The Capital Markets, Securities, and Investments Subcommittee of the US House of Representatives Financial Services Committee held their first hearing on crypto this week. Witnesses included Chris Brummer (Professor of Law, Georgetown University), Mike Lempres (Chief Legal and Risk Officer, Coinbase), Robert Rosenblum (Partner, Wilson Sonsini) and Peter Van Valkenburgh (Director of Research, Coin Center).
It is pretty clear from the questions and ensuing debate that there is yet absolutely no consensus amongst the policy makers on crypto, about whether it's disruptive innovation or just a "crock" and about how it should be regulated.
Coinbase’s written testimony was also published on their blog.
This is interesting as it shows that there's yet another regulator (this time the FTC - Federal Trace Commission, whose purpose is to protect consumers and promote healthy competition) looking into crypto in the US. And it just launched a dedicated Blockchain working group to monitor the space more closely.

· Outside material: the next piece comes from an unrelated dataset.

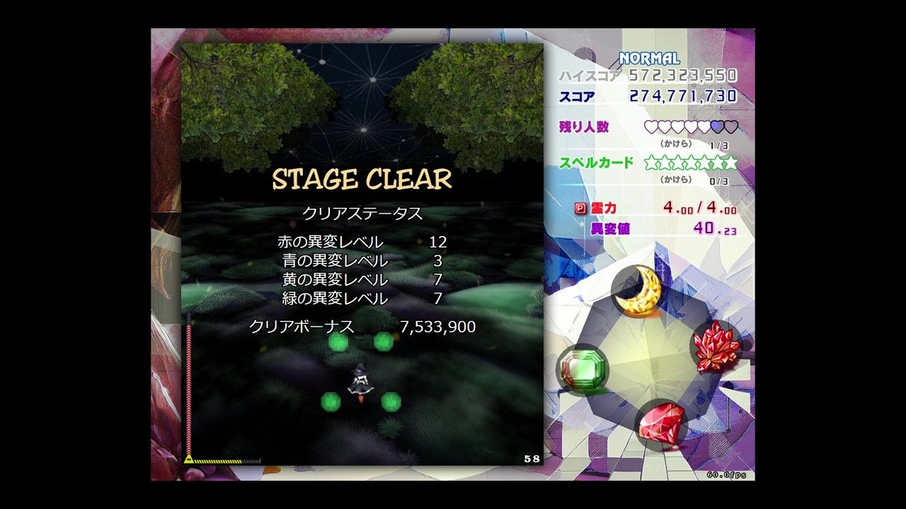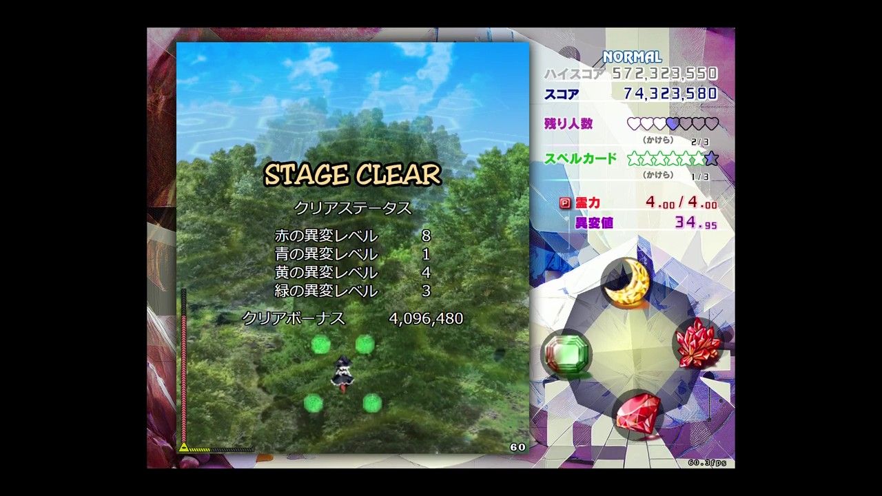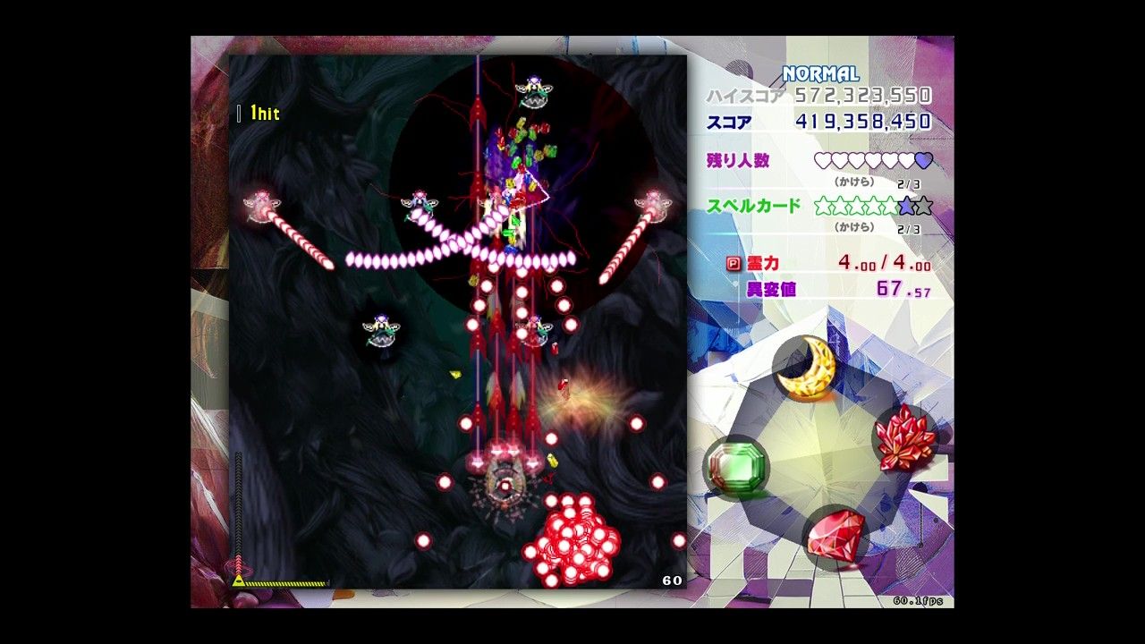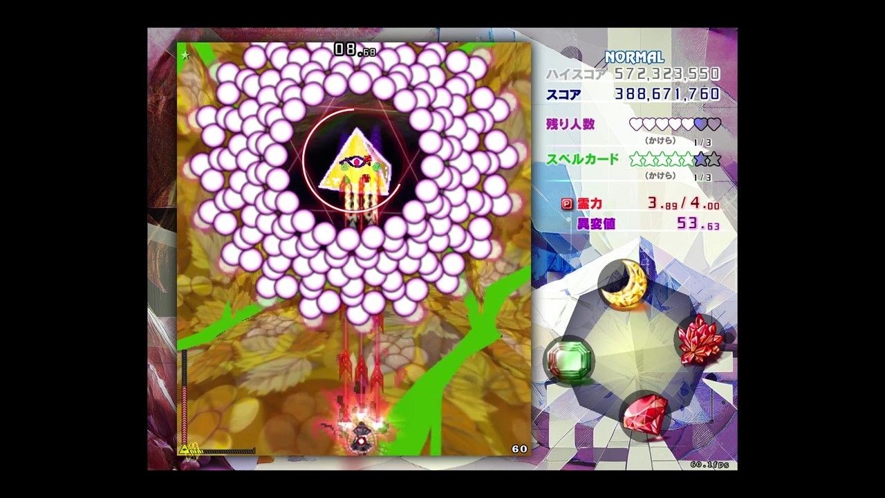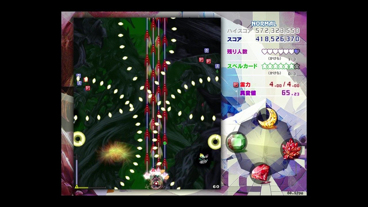 今作で重要になるのが異変敵です。倒すと盤面の弾を消してくれる上、ボム/残機のかけらを落としてくれます。異変敵は異変敵ゲージをMAXにすると出現します。ゲージのたまる条件は「「異変石のかけらを取得」「道中の敵を倒す(ヒット数が多いと効率UP)」「時間経過(ボス戦限定)」」(東方Project攻略Wiki)です。この異変敵をいかに多く倒すかでリソースの量が変わってきます。

A greater level of coordination between the various regulatory bodies at this stage would no doubt prove more efficient and effective.
As it became evident with the news of the 80+ subpoenas, the SEC is actively looking into crypto hedge fund practices, particularly into their valuation methodologies (hedge fund managers earn annual performance fees based on high-watermark accounting, which in illiquid markets could be easily manipulable).
Other areas of investigation include custody, conflict of interest (eg personal dealing in ICOs) and the instrument of the SAFT itself.
The Winklevoss brothers, through Gemini, have outlined their proposal for a Virtual Commodity Association, a self-regulatory organization (or SRO) for US virtual commodity exchanges and custodians.
The post highlights some of the sound practices that members of the VCA should comply to.
SROs have proved to be an effective self-policing construct in other industries and have been advocated by a few proponents in crypto. A CFTC Commissioner has expressed strong approval for the Winklevoss' plan.
The company developing the OpenBazaar raised its Series A from Omers Ventures (the fund of the Ontario Municipal Employees Retirement System). Bitmain also participated.
Hashgraph finally announced their funding round, which ended up totaling $18M, but they didn't share who the investors are (asking around is fairly easy for this one).
DST is apparently leading a $350M funding round in Robinhood, which is going to value the company at more than $5B! Their crypto volumes as still tiny, but the funding will no doubt heat up the battle with Coinbase for new users.